Why does the first response in my OpenAI Realtime C# session show cached token usage (cached_input_tokens) even though no prior context exists?

1 week ago 16

ARTICLE AD BOX

I'm working with the OpenAI.Realtime C# SDK and logging detailed token‑usage metrics for a multi‑turn audio conversation. My setup is based on a custom RealtimeScenarioBase class and a derived scenario (RT_Test3_TwoVoices) that sends two audio inputs and receives two audio responses.

Everything works, but I’ve noticed a strange token‑usage pattern:

Problem

The first assistant response in the session shows cached input tokens, even though:

No previous conversation history exists

No prior user messages were sent

The session was just created

The model is gpt-realtime-mini (Azure deployment)

Example Logged Usage

Timestamp: 2026-03-22T02:49:15.7672185+00:00 Step: Voice1 Model: realtime-mini-test-3 InputTokens: 1459 InputTextTokens: 1349 InputAudioTokens: 110 CachedInputTokens: 1408 CachedTextInputTokens: 1344 CachedAudioInputTokens: 64 OutputTokens: 396 OutputTextTokens: 97 OutputAudioTokens: 299 TotalTokens: 1855

The second turn also shows cached tokens, which is expected, but the first turn should not, unless I'm misunderstanding how caching works.

My Question

Why does the first assistant response in a Realtime session show cached token usage?

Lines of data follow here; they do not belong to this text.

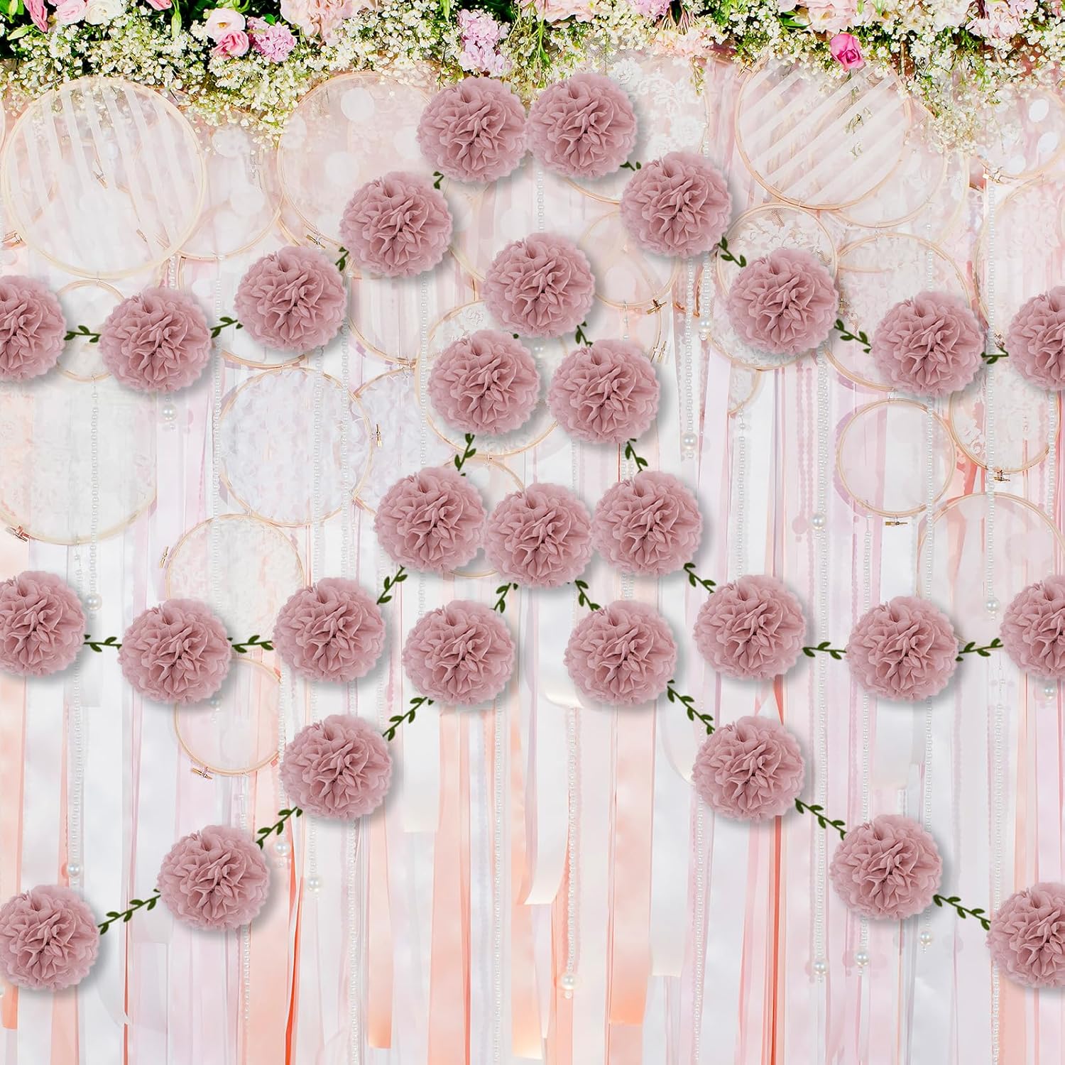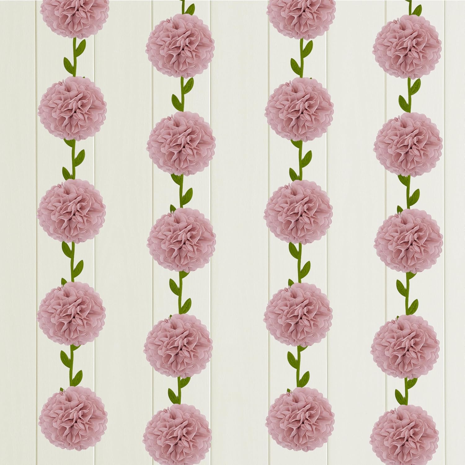 • [Packaging includes] 12x pre-strung 6 inches Rose pink soft tissue paper pompoms, 2x 6.6FT Vine garland banner
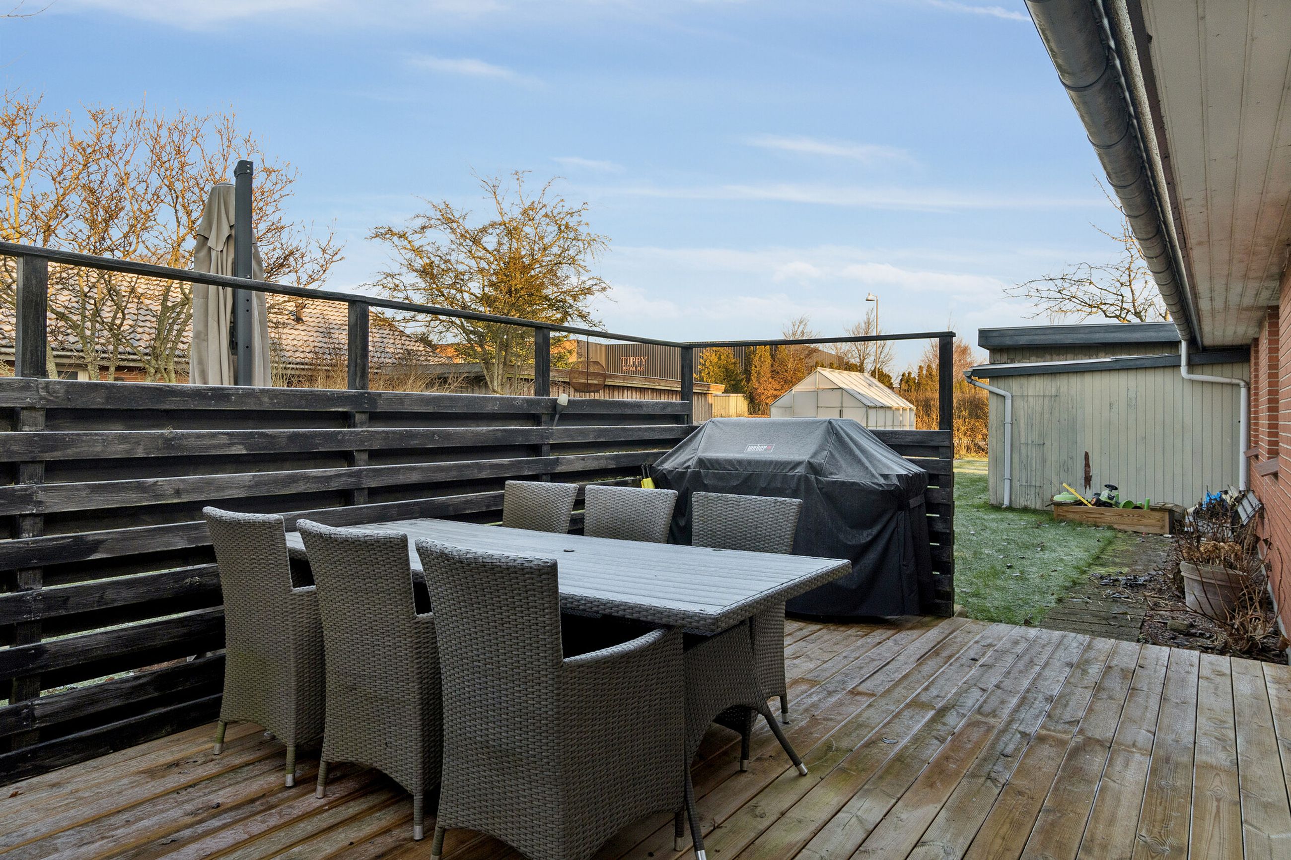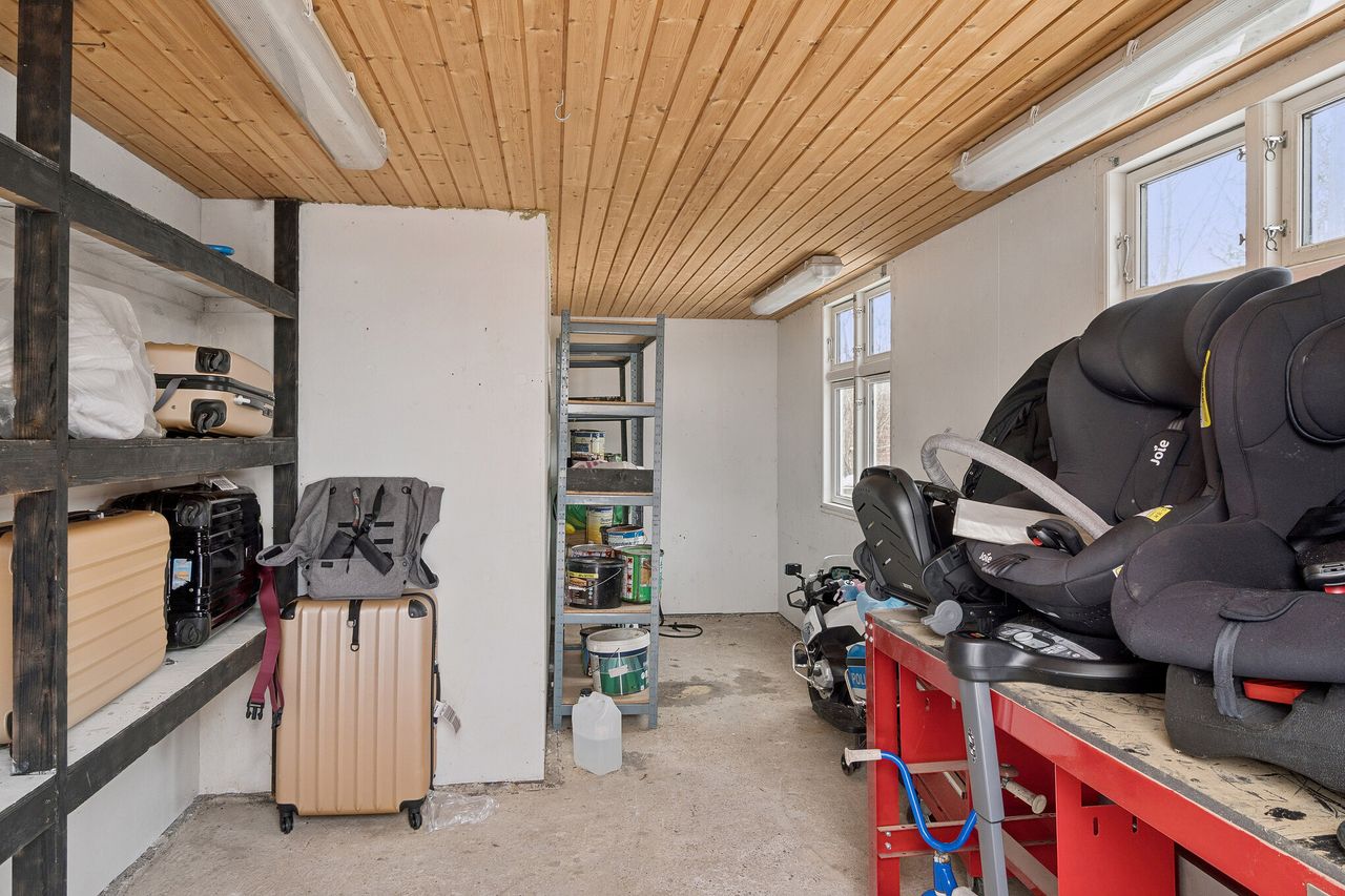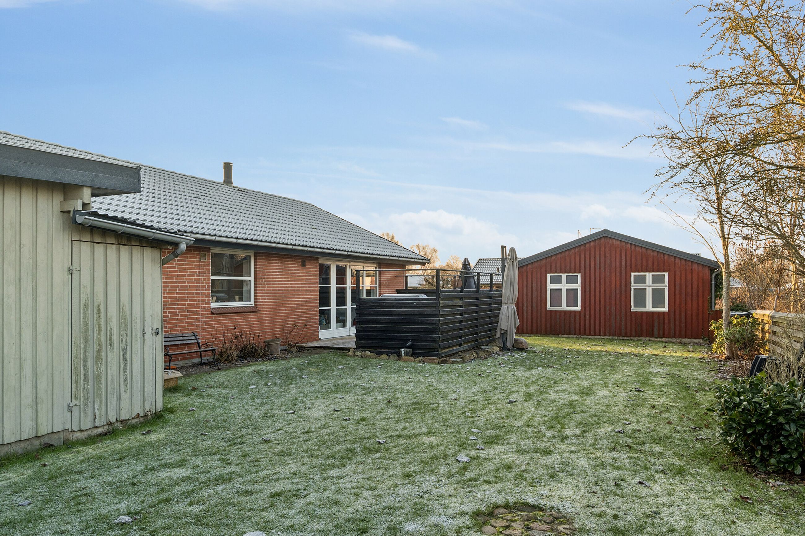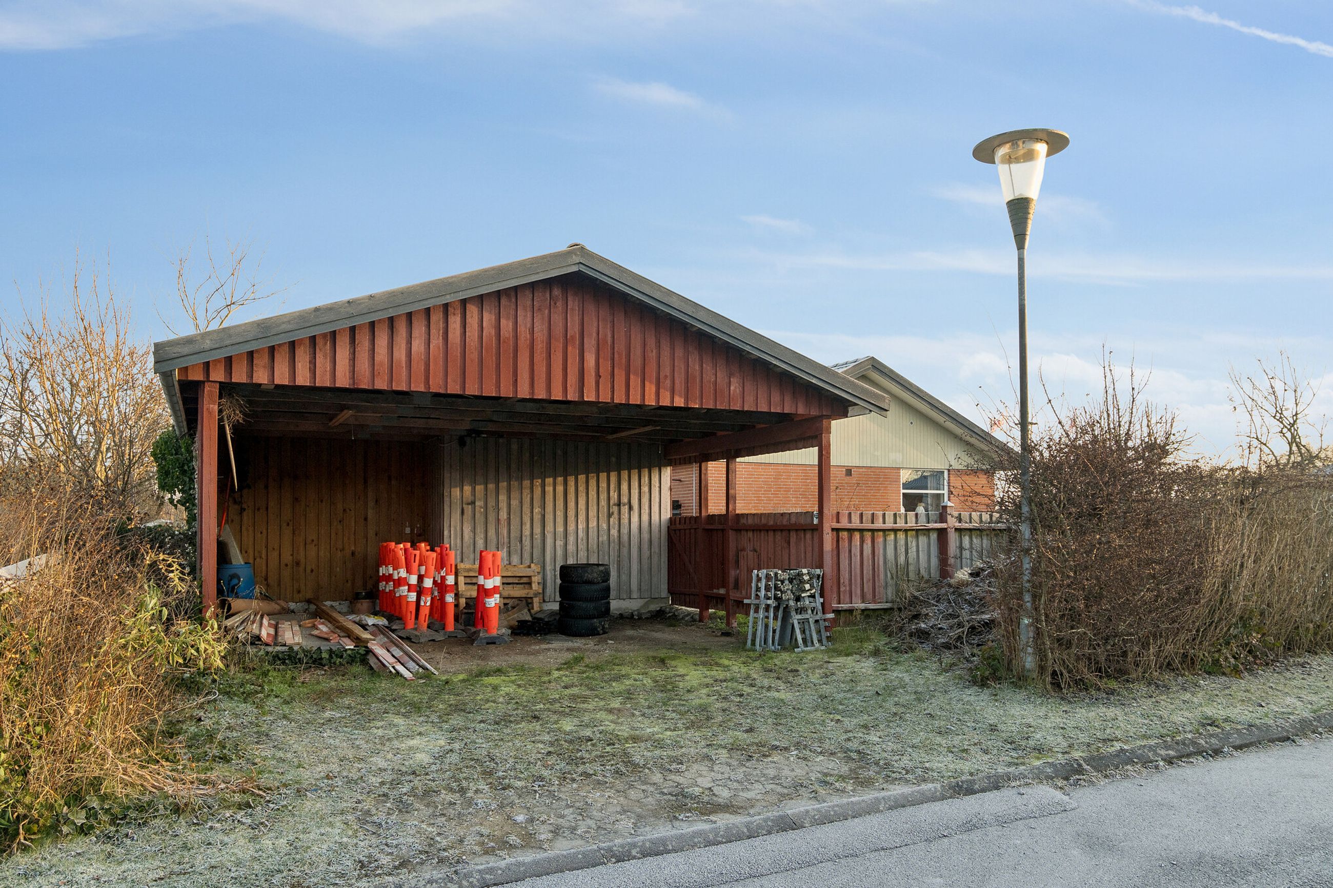 Udendørs venter en stor grund med gode muligheder for leg, haveprojekter og afslapning. To terrasser gør det muligt at nyde solen dagen igennem, og der er desuden garage med plads til både bil og opbevaring, samt en dobbelt carport med et isoleret værksted/udhus.
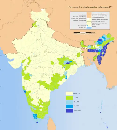 Christianity is India's third-largest religion with 28 million adherents, who make up 2.3 percent of the population as of the 2011 census.[2] Christianity is the largest religion in parts of Northeast India, specifically in Nagaland, Mizoram and Meghalaya.[4] It is also a significant religion in Manipur, which is 41 percent Christian.[5]
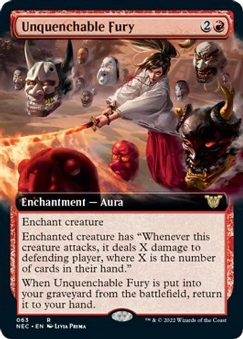 Unquenchable Fury (Extended Art) is a Rare in the set Commander: Kamigawa: Neon Dynasty.
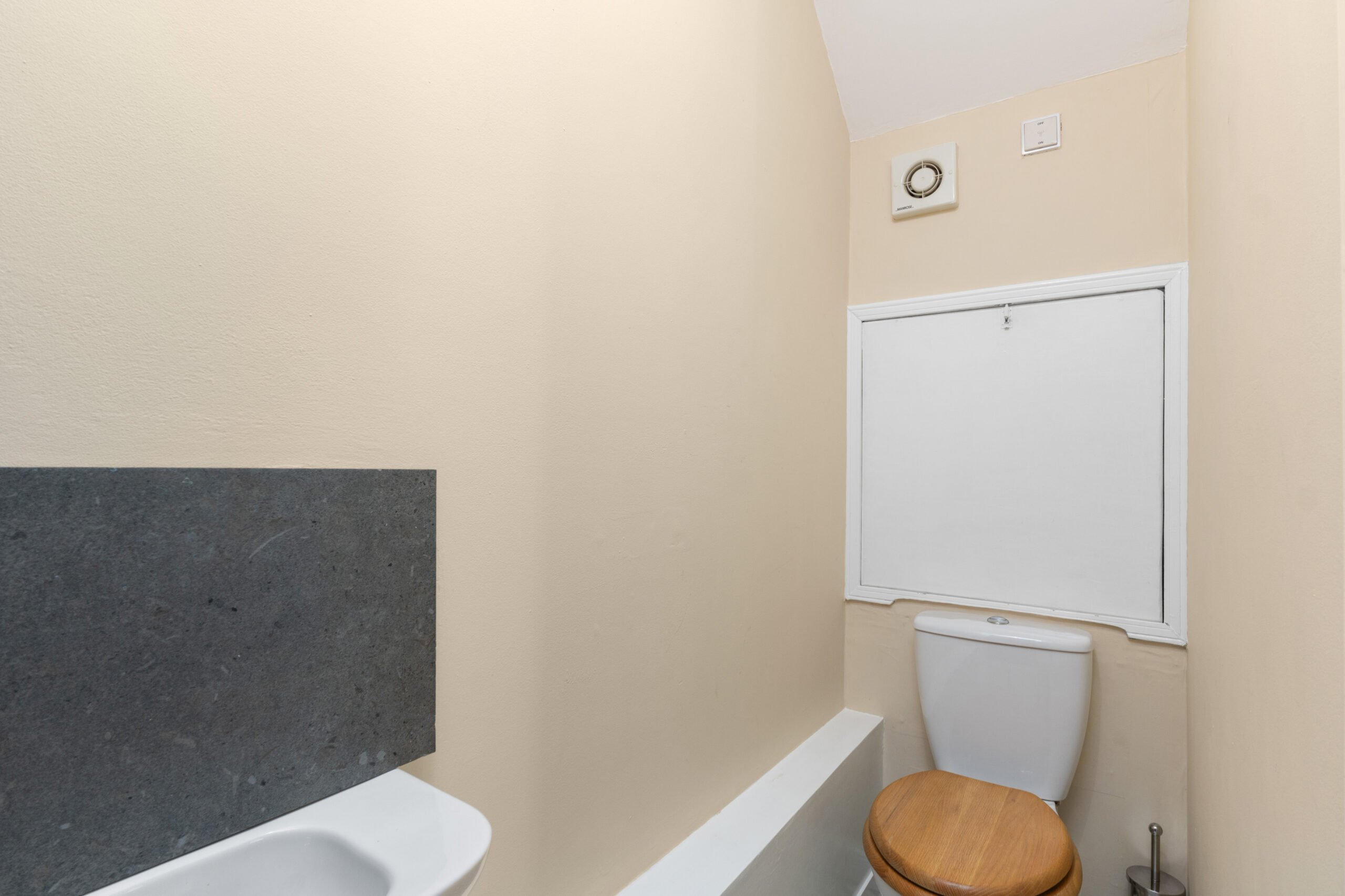The cloakroom, conveniently located on the ground floor, features a white WC and sink, with a patterned vinyl floor adding a touch of character.
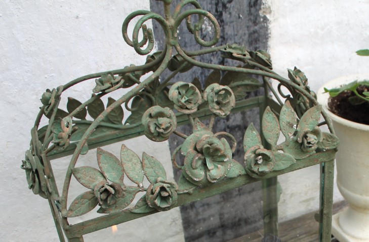 Det er virkelig en lanterne, der taler til romantiske sjæle. Og samtidig er den praktisk. Åbningen er i siden, så der ikke skal flyttes på den fine top med de kønne blomster og løv – og man brænder sig derfor heller ikke på den.
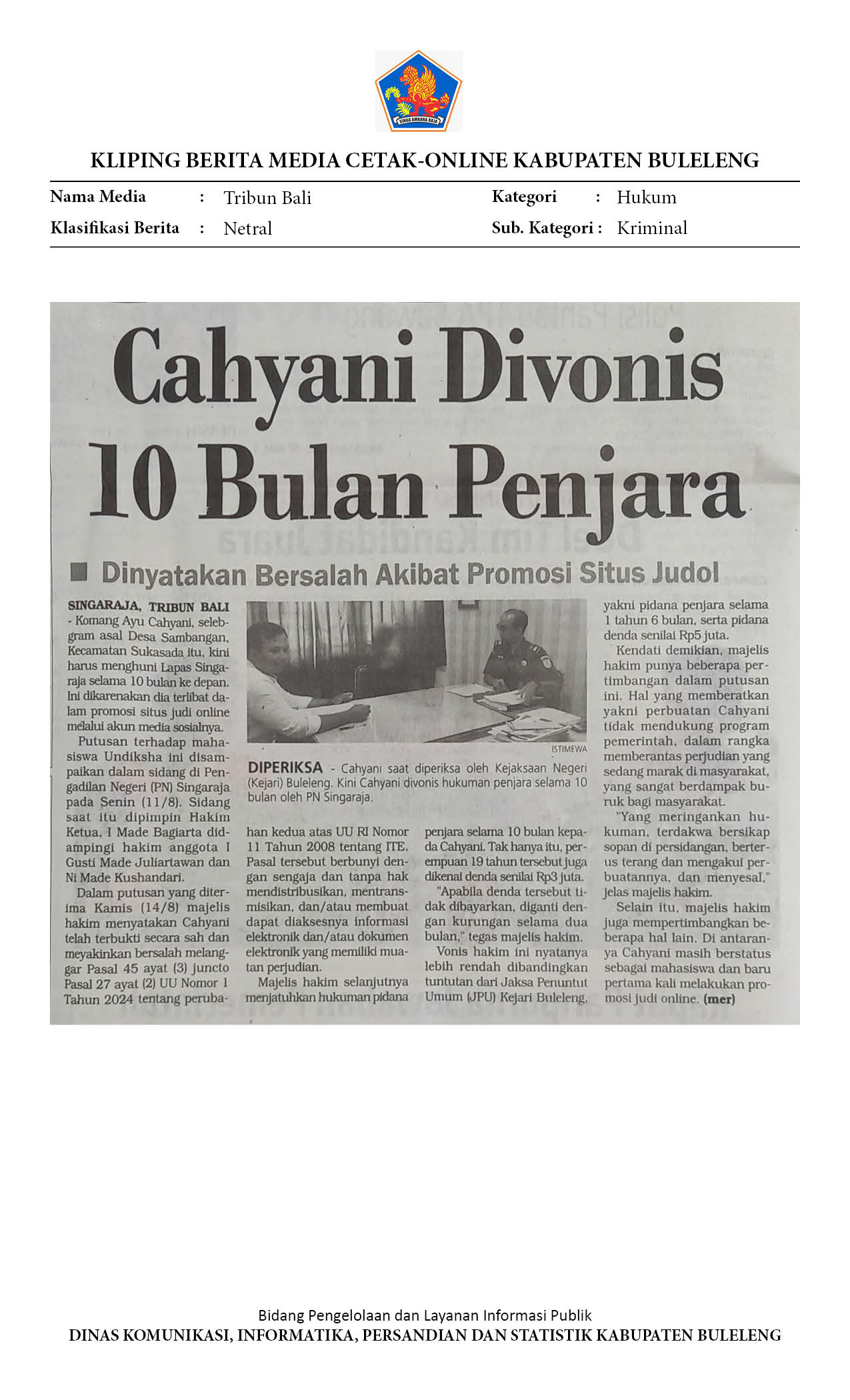 CAHYANI DIVONIS 10 BULAN PENJARA
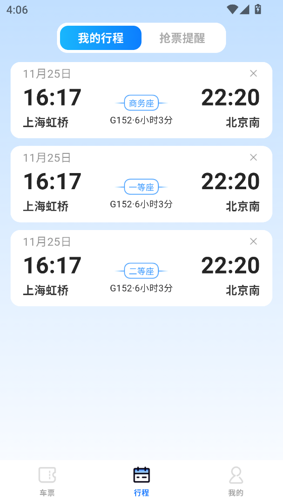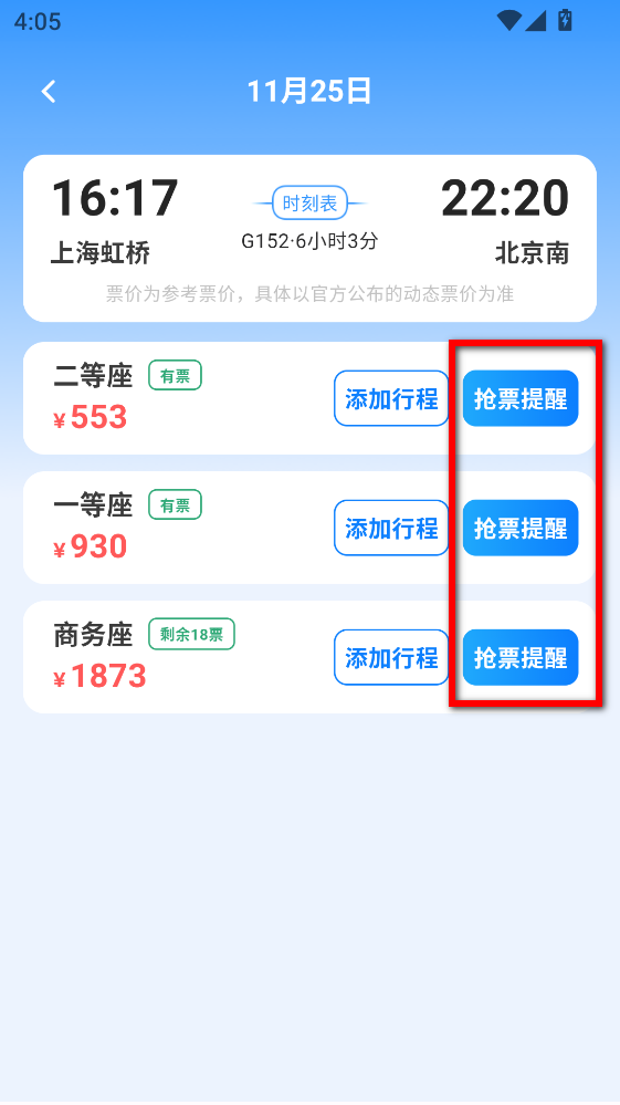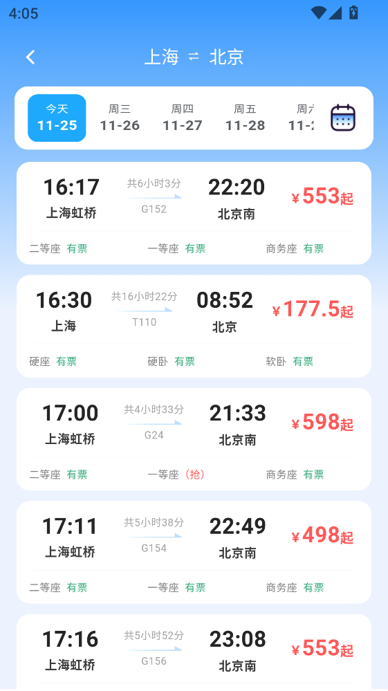 1.打开软件之后就可以看到各种火车票信息,修改起点和终点,以及出发时间。

Is this expected behavior for gpt-realtime-mini models, or am I missing a usage event earlier in the session lifecycle (e.g., during session.created, session.updated, or instruction injection)?

Relevant Code

I have a large base class, but here are the key parts:

Session setup

var sessionOptions = new RealtimeConversationSessionOptions { Instructions = firstLargeInstruction, AudioOptions = BuildStandardAudioOptions(), }; var session = await CreateAndConfigureSessionAsync(sessionOptions);

First turn

await SendAudioFileAsync(session, DefaultInputAudioPath); await session.StartResponseAsync();

Token usage extraction

case RealtimeServerUpdateResponseDone responseDone: var usageMetrics = ReadUsage(responseDone.Response.Usage); // ...

What I’ve Considered

Maybe the system instructions (firstLargeInstruction) are being cached?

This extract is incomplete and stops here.